The direct approach considers the complete processing chain and any active defenses being employed by the system, not only the DNN. So, although an attacker may use one of the other nondirect approaches to develop an attack, an element of direct experimentation on the target is likely to be critical to ensure the adversarial robustness of the input.

Replica Attack

An obvious approach to developing adversarial input is to use an exact replica of the target to finesse the adversarial input, prior to launching it on the target. We’ll consider a couple of scenarios: when the attacker has access to a replica of the complete target, and when the attacker has access to just the DNN algorithm.

Replica system

It is possible for the attacker to have a local copy of the complete target system to experiment with. For example, a commercially purchased digital voice assistant or perhaps an autonomous vehicle. An attacker could develop their own adversarial input on their local target by repetitive simulation queries and monitoring of the responses using a black box method.2

In practice, target systems that are commercially available to buy (not web hosted) will often not accept input digitally and return a digital response. For example, a commercially purchased digital assistant is unlikely to provide a nice programming interface to its internal processing chain for the attacker to use to iteratively refine the adversarial input based on repeated queries. Rather, it will take audio input and return audio (speech) or instigate some digital command (such as an online purchase). Automating the generation of adversarial input will be more challenging when the interaction (request or response) is not digital.
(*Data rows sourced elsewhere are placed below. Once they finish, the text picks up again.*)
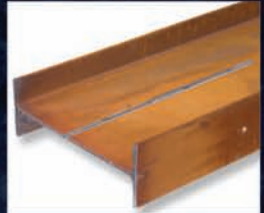
■ CUT TO LENGTH / BEAM SPLITTING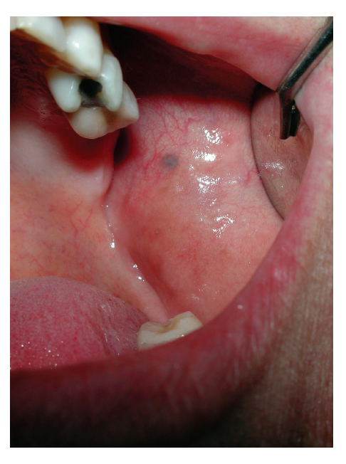
FIGURE 2: Clinical photographs of the 2 \times 2 mm pigmented lesion of the right buccal mucosa. Histopathological examination was consistent with amalgam tattoo in both lesions (see Figure 1).

However, studies are small and cannot provide certain stage-specific survival rates due to the rarity of the disease. Treatment is to a certain degree extrapolated from the regimens used for cutaneous melanoma [2, 9]. First choice treatment is wide radical excision. Though sentinel lymph node biopsy is state of the art for cutaneous melanoma, its role in mucosal melanomas remains uncertain and is not part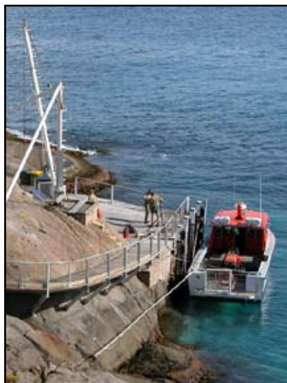
Montague Island's jetty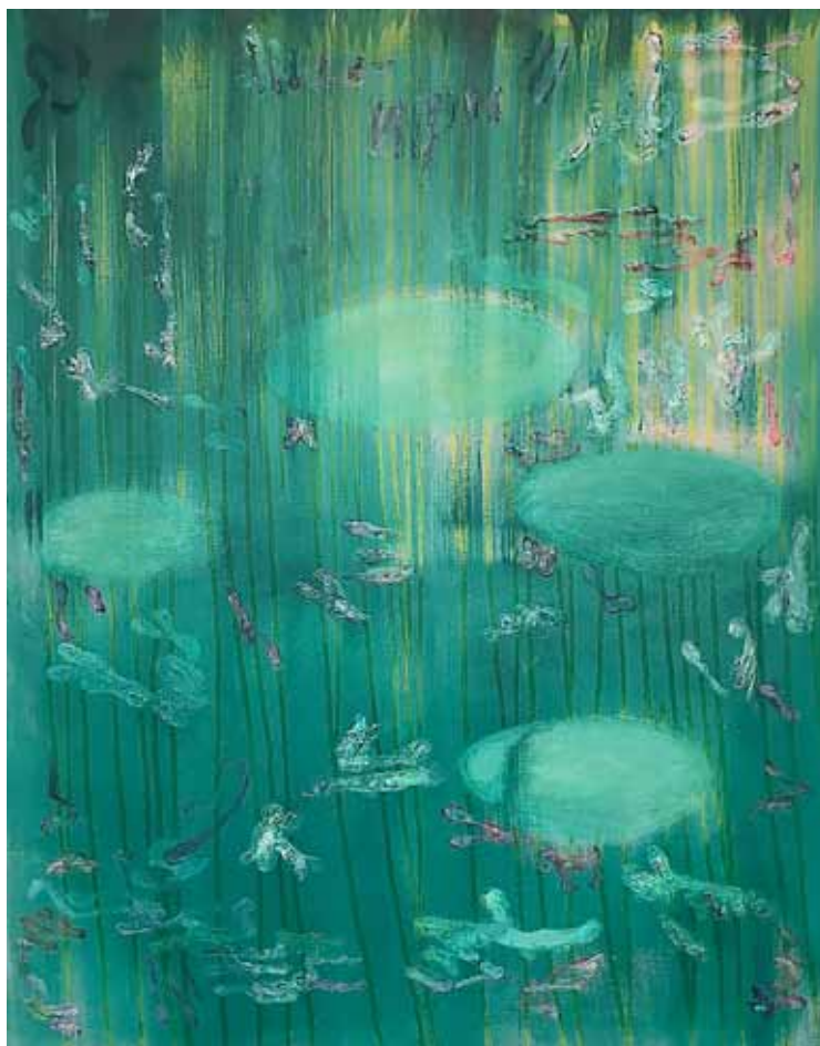
Feen Oil on fabric 90 x 70 cm 2023 Courtesy the artist

Next page: Die Schleiche Oil on fabric 150 x 120 cm 2023 Courtesy the artist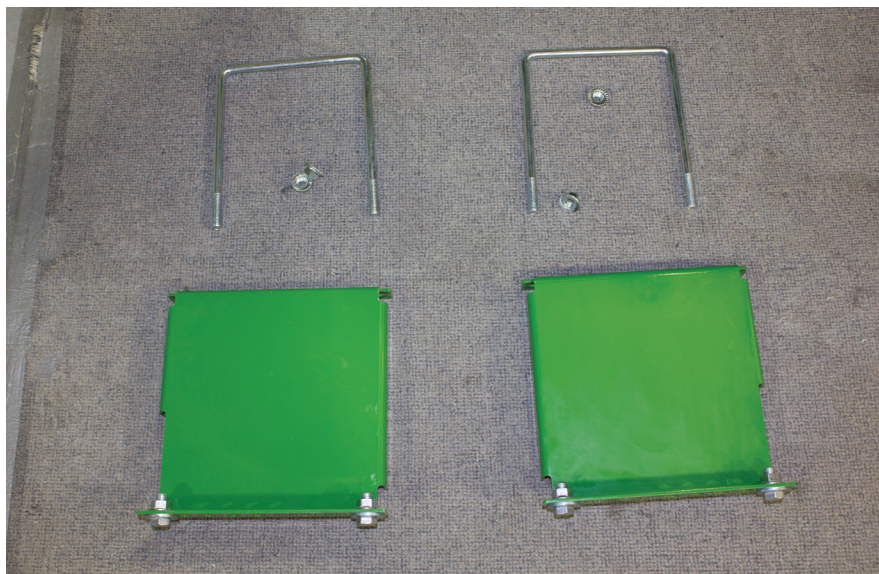
GX2 EXTENDERS (L) (R)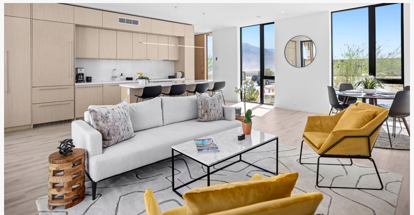
Scenic Crest Villas, Desert Hot Springs, Near Palm Springs, California

"For the world's most unique properties, Concierge Auctions is the best in the business. As the first-of-its-kind 3D-printed community ever, I felt this exceptional property is best served by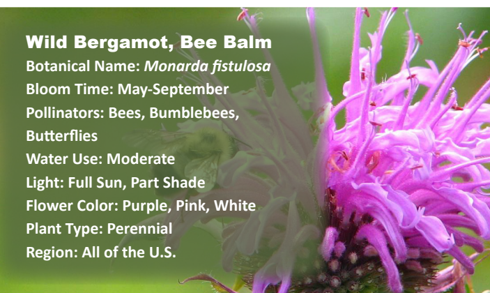
Otsego Conservation. 2008. Wild Bergamot. Available at: http://www.otsego.org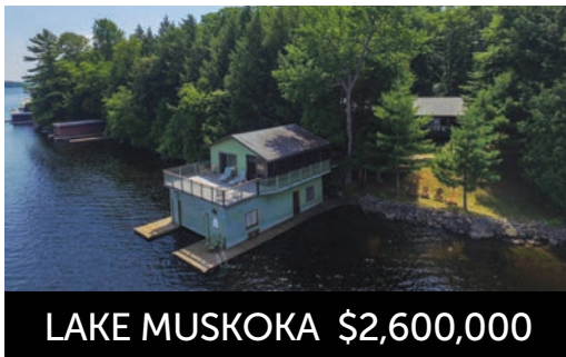
LAKE MUSKOKA $2,600,000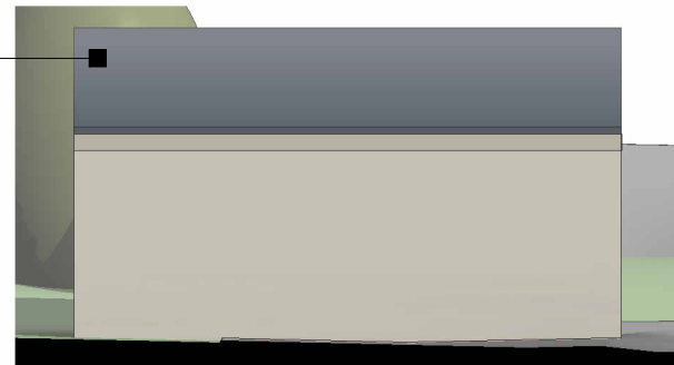
Proposed Side Elevation (West)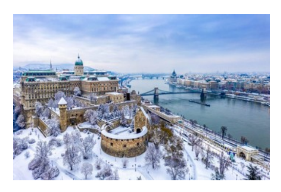
Winter fun in Budapest

ELTE offers Hungarian language and culture courses for their students.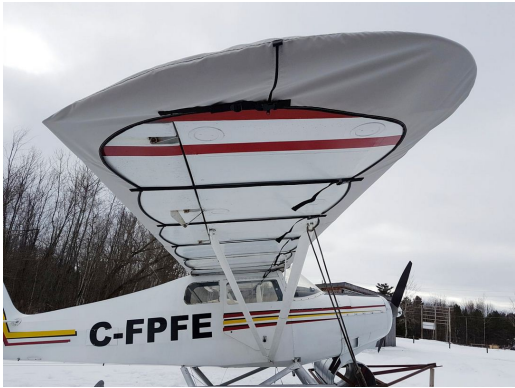
Christavia Mk 1 Wing Covers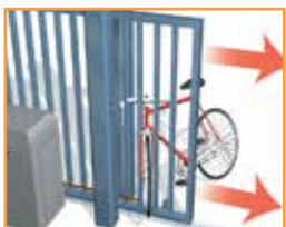
entrapment detection reverses gate when obstructed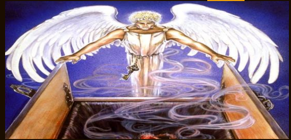
Satan Loosed From The Pit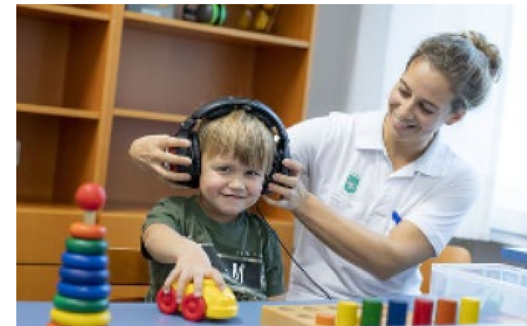
1,700 medical-technical staff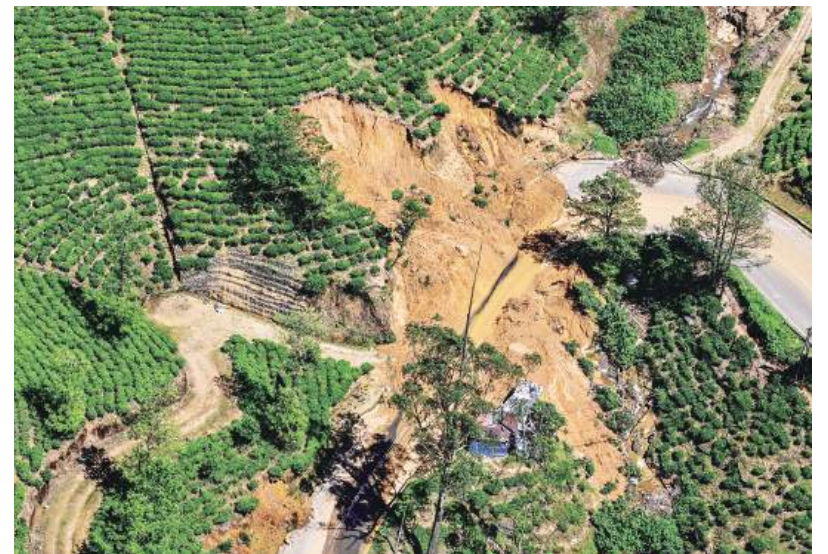
An aerial view shows a washed-out road following a landslide in Nuwara Eliya, 100 kilometres east of Colombo, Sri Lanka yesterday.

In some places, entire slopes have been sheared away, leaving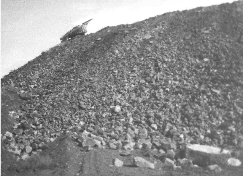
Fig. 1. Uneven structure of gob dump originate from peripheral technology.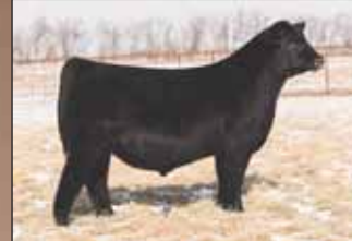
PVF THE NATURAL 7042, SIRE OF LOT 1

Similar to the black box attack, access to a complete replica enables the attacker to test their attack against the complete processing chain, not just against the target DNN.

Replica DNN

Armed with information about all aspects of the trained DNN under attack (that is, the model architecture and all its parameters), the attacker is in a strong position to generate adversarial input. In traditional software terms, it’s akin to having knowledge of the source code of an internal algorithm in a target system. With this knowledge and sufficient capability, the attacker can create a replica of the DNN and use any method they wish on the replica to create adversarial examples that exploit flaws in the target DNN exactly.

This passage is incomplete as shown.